Bill Harris writes:
I’m not a professional statistician, but I do use statistics in my work, and I’m increasingly attracted to Bayesian approaches.
Several colleagues have asked me to describe the difference between Bayesian analysis and classical statistics. I think I’ve not yet succeeded well, and so I was about to start a blog entry to clear that up. Then I decided to look around.
Your “‘Bayesian inference’ represents statistical estimation as the conditional distribution of parameters and unobserved data, given observed data” from “Objections to Bayesian statistics” is certainly concise, but it may be a bit too concise for managers and analysts who have some understanding of statistics. Your “Why we (usually) don’t have to worry about multiple comparisons” sounds promising, but it’s a tad long to hand to someone with a simple question.

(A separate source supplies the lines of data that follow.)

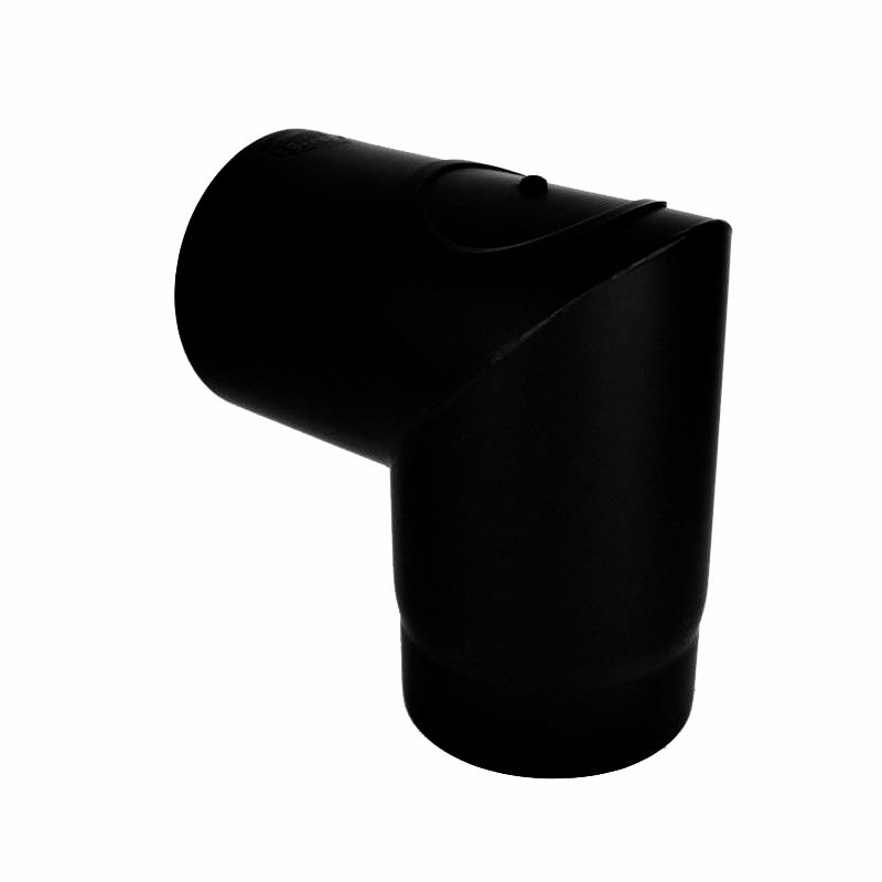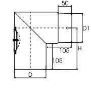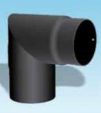 Kachelpijp dikwandig staal, diameter Ø150, 90° hoek, geschikt voor temperaturen tot 600 graden. 2 segment, met inspectieluik.
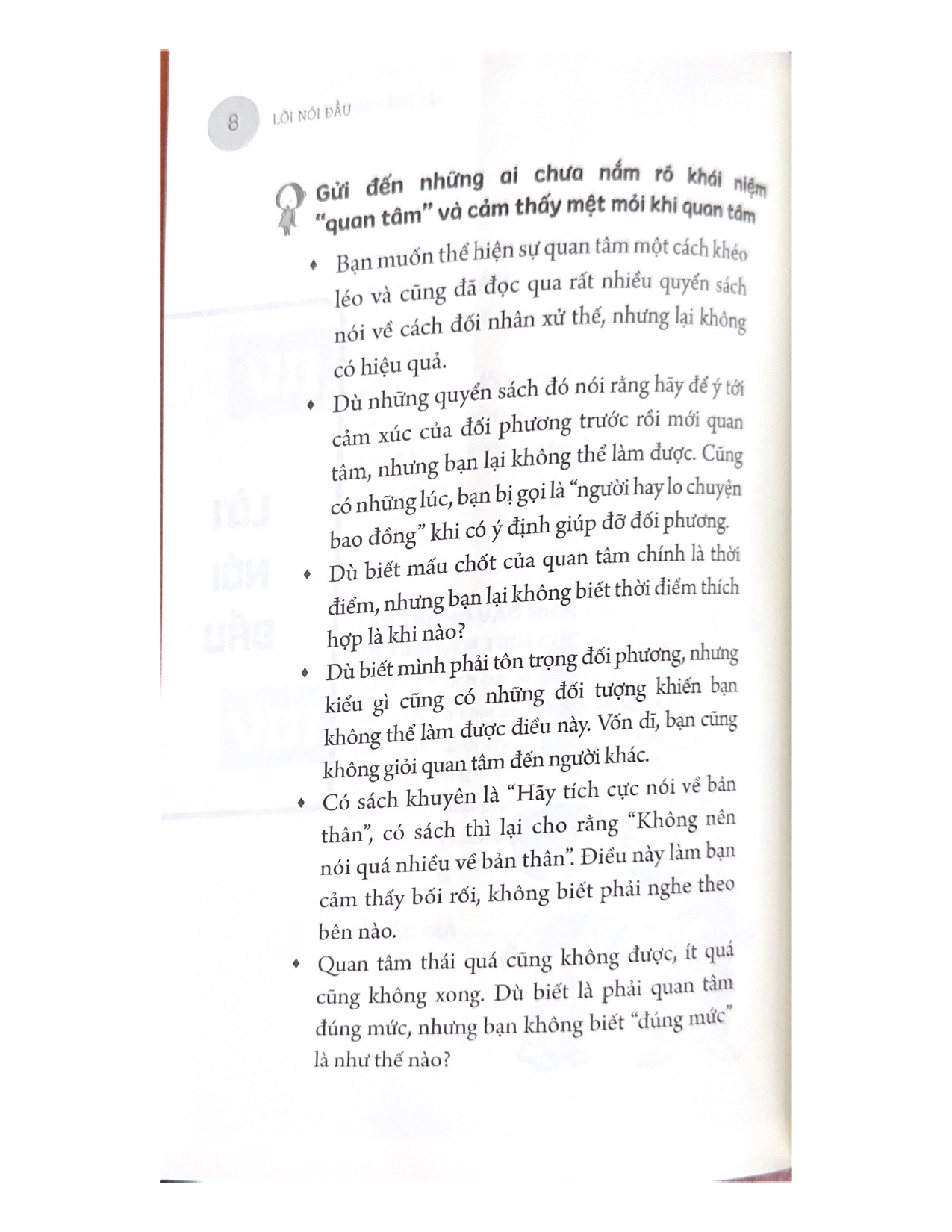 - Giới thiệu Hằng ngày, có rất nhiều người cảm thấy mệt mỏi và khổ sở vì gặp phải các vấn đề trong giao tiếp. Một số người không biết cư xử thế nào để gây thiện cảm với đối phương, số khác thì luôn quan tâm người khác hơn chính mình và chấp nhận chịu thiệt thòi trong các mối quan hệ. Bạn có muốn tìm hiểu về bí quyết ĐẮC NHÂN TÂM bằng lòng quan tâm của người Nhật để giúp mọi người xung quanh đều vui vẻ, bản thân cũng được chữa lành? Quan tâm đúng cách không chỉ đơn thuần là phương pháp giúp cải thiện các mối quan hệ xã hội, mà còn là thái độ quan trọng quyết định chất lượng cuộc sống của bạn. Thông qua những tình huống cụ thể và hình ảnh minh họa sinh động, ĐẮC NHÂN TÂM KIỂU NHẬT sẽ giúp bạn hiểu rõ hơn về khái niệm “quan tâm”, biết cách ứng xử và giao tiếp tích cực để xây dựng cuộc sống thoải mái, trọn vẹn hơn.
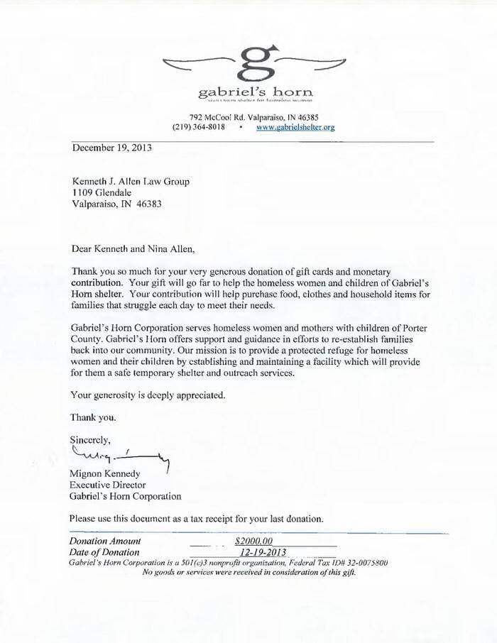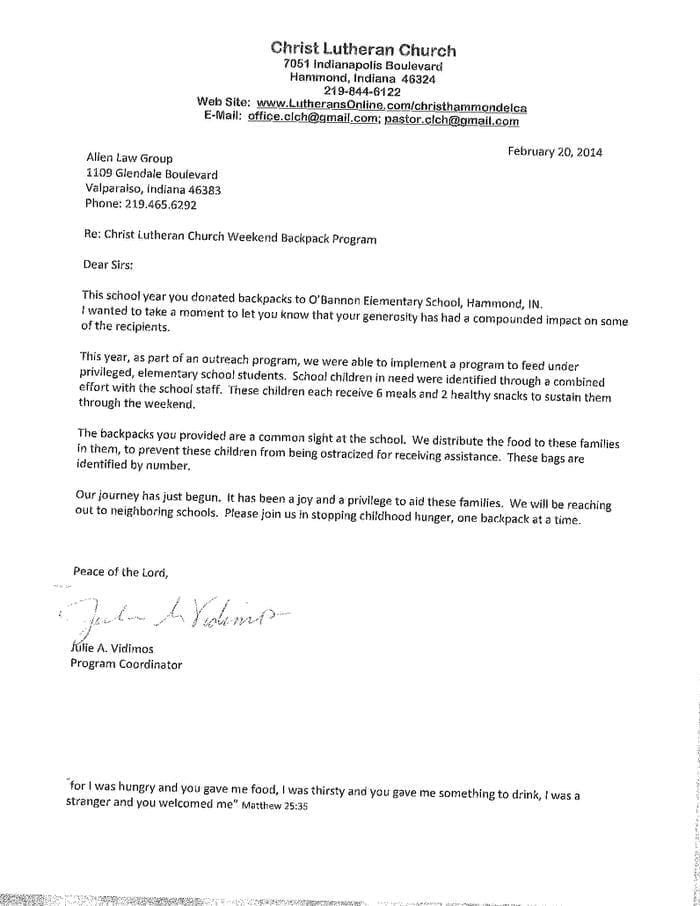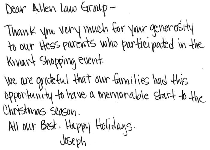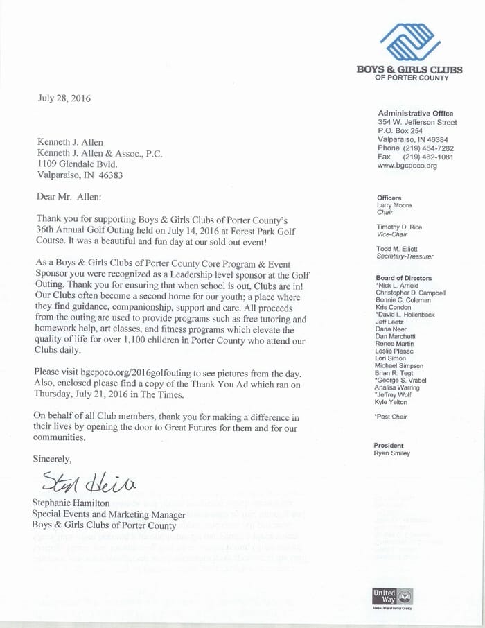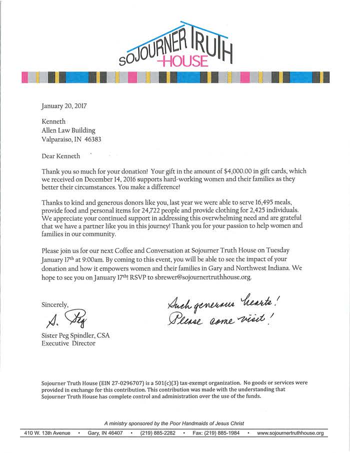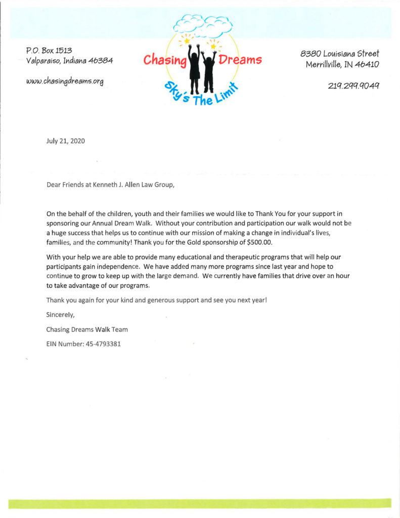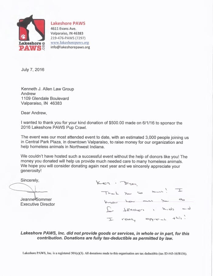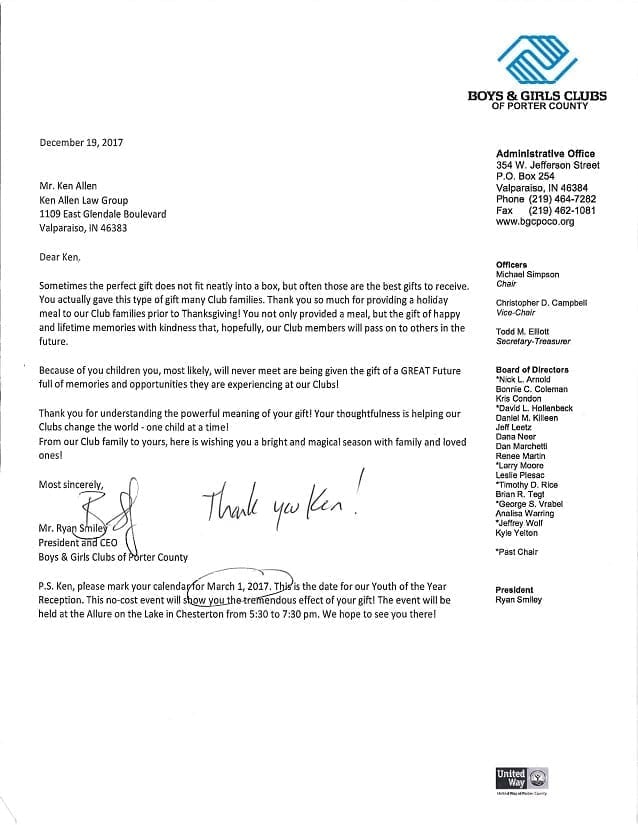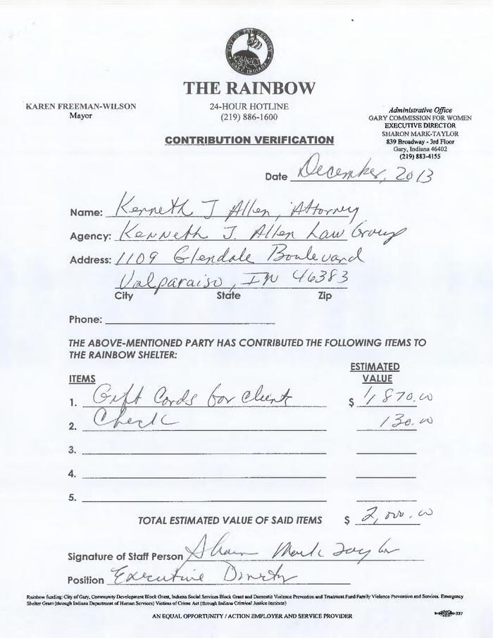 Allen Law Group considers it an honor to be able to contribute both as a firm, and individually as attorneys and support staff within the firm, to the community in Indiana and Illinois. The firm’s commitment to the area we serve is shown by its involvement in a variety of pro bono, civic, and philanthropic endeavors.
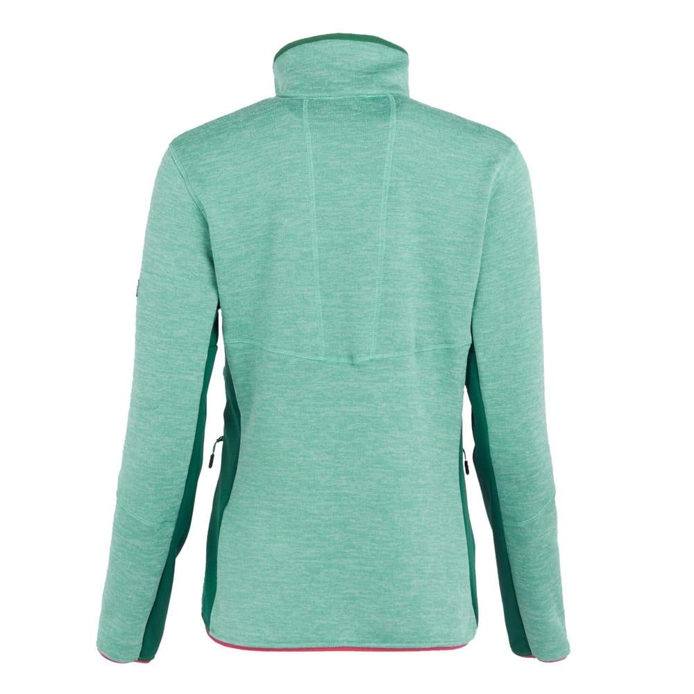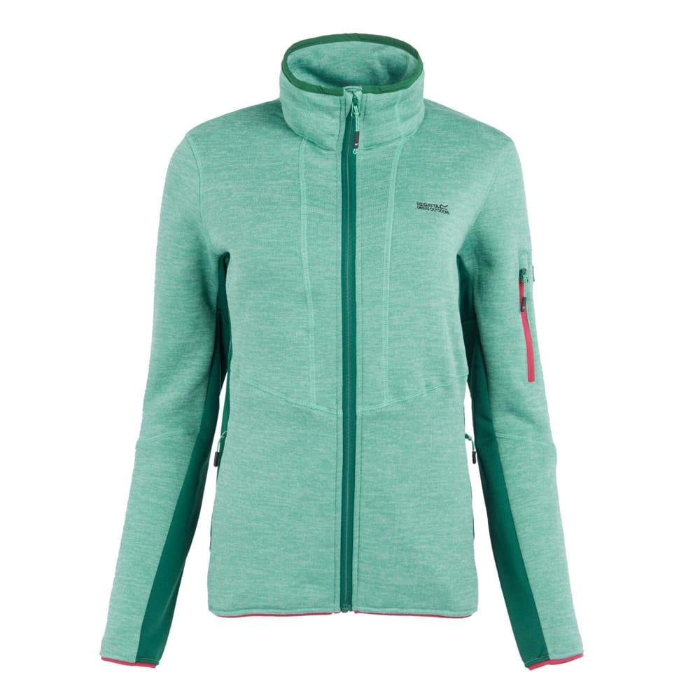 Regatta Ralina fleece jacket in dusty green/rainforest with a knit-effect finish and logo design. Made from elastane, polyester and viscose, it uses Extol Stretch fleece technology for flexible wear. A standing collar and long sleeves create a clean, practical shape for everyday layering.
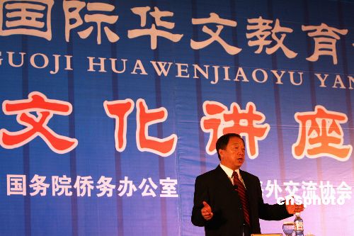 11月5日晚,在青島舉行的第五屆國(guó)際華文教育研討會(huì)文化講座上,南開大學(xué)教授孫立群做題為“中華文化的源與流”演講。中新社發(fā) 張勤 攝
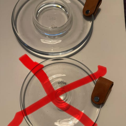 askebæger i klart glas med rund form. Dekoreret med koncentriske cirkler i flere farver i midten. Velegnet som askebæger eller lille skål til fx mønter eller småting. Designet har et grafisk, cirkulært mønster i midten af skålen.
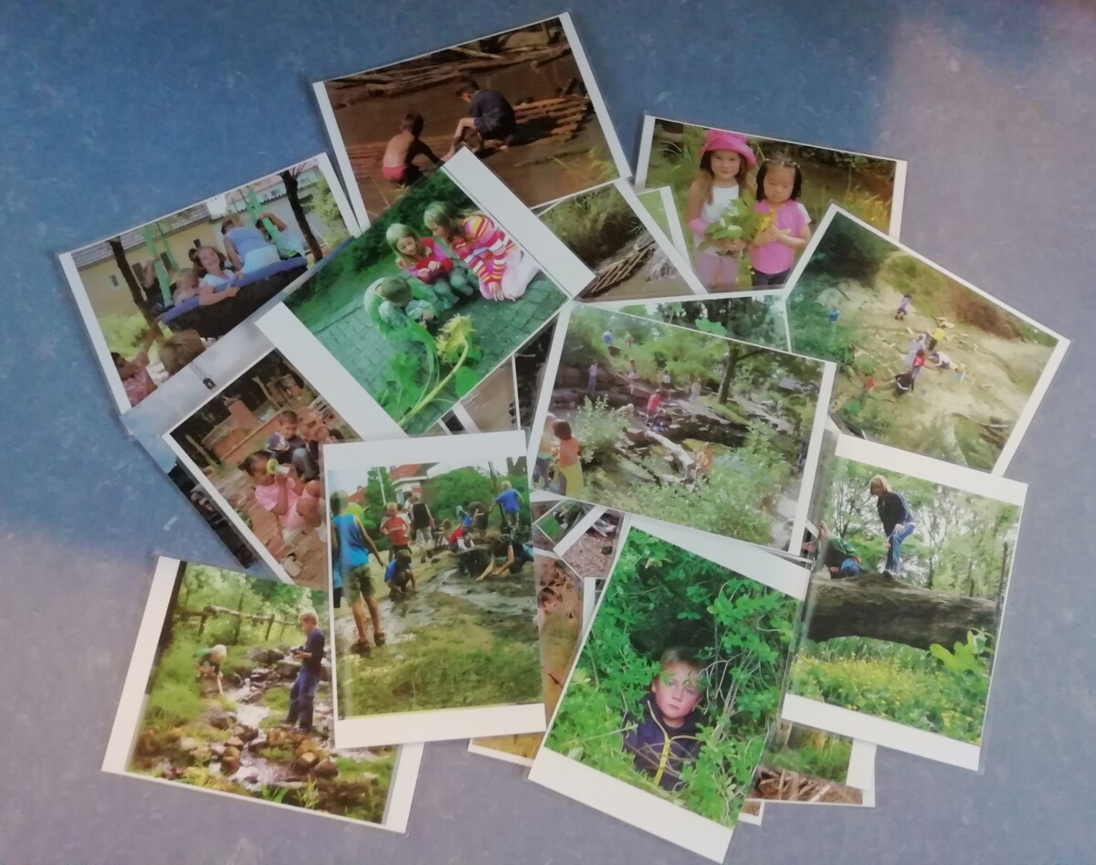 Pjotr had al gauw, na een duik in ons fotoarchief, een stapel van 50 treffende, gelamineerde foto’s (A-4) uit de speelnatuurwereld ontwikkeld. Velen in de groeiende Springzaadkring – waaronder wij zelf – werkten tijdens workshops e.a. inspirerende bijeenkomsten met dit boeiende materiaal. Ook bij volwassenen riepen de afbeeldingen emotionele, nostalgische gevoelens op! Het zijn ook de vroege voorlopers van de onvolprezen 30 Springzaad-collages waar Pjotr later de kleine, sprekende tekstjes voor verzorgde. Uiteraard gebruikte Pjotr de plaatjes ook voor zijn eigen PABO-werk, met studenten, stagiaires en leerkrachten.

Any ideas? Fodder for a blog posting?
I started down the path of dividing statistical analysis into three parts: setting up the problem, calculations, and communicating the results.
It’s easy to find Web pages about the first, but many dwell on the notion of subjective priors.
The second involves comparing the selection of the proper classical method (Tom Loredo has some articles pointing out those challenges, as I recall) vs. “simply” applying probability theory while often letting a computer grind through the integration. There’s more power, as your “Why we (usually) …” article points out.
The third offers the choice of focus from how one should really interpret confidence intervals and what an hypothesis test is to probabilities of events. That makes sense, but I’m still looking for ways to tighten it all up.
Bill was also pointed to this article by Kevin Murphy, which looks interesting but has almost no resemblance to Bayesian statistics as I know it.
One problem with finding statistical resources on the web, I think, is that a webpage on a technical issue is likely to have been written by a computer scientist. And what computer scientists do with data and models is often much different from what we do.
My current favorite online summary of Bayesian statistics is the article by Spiegelhalter and Rice.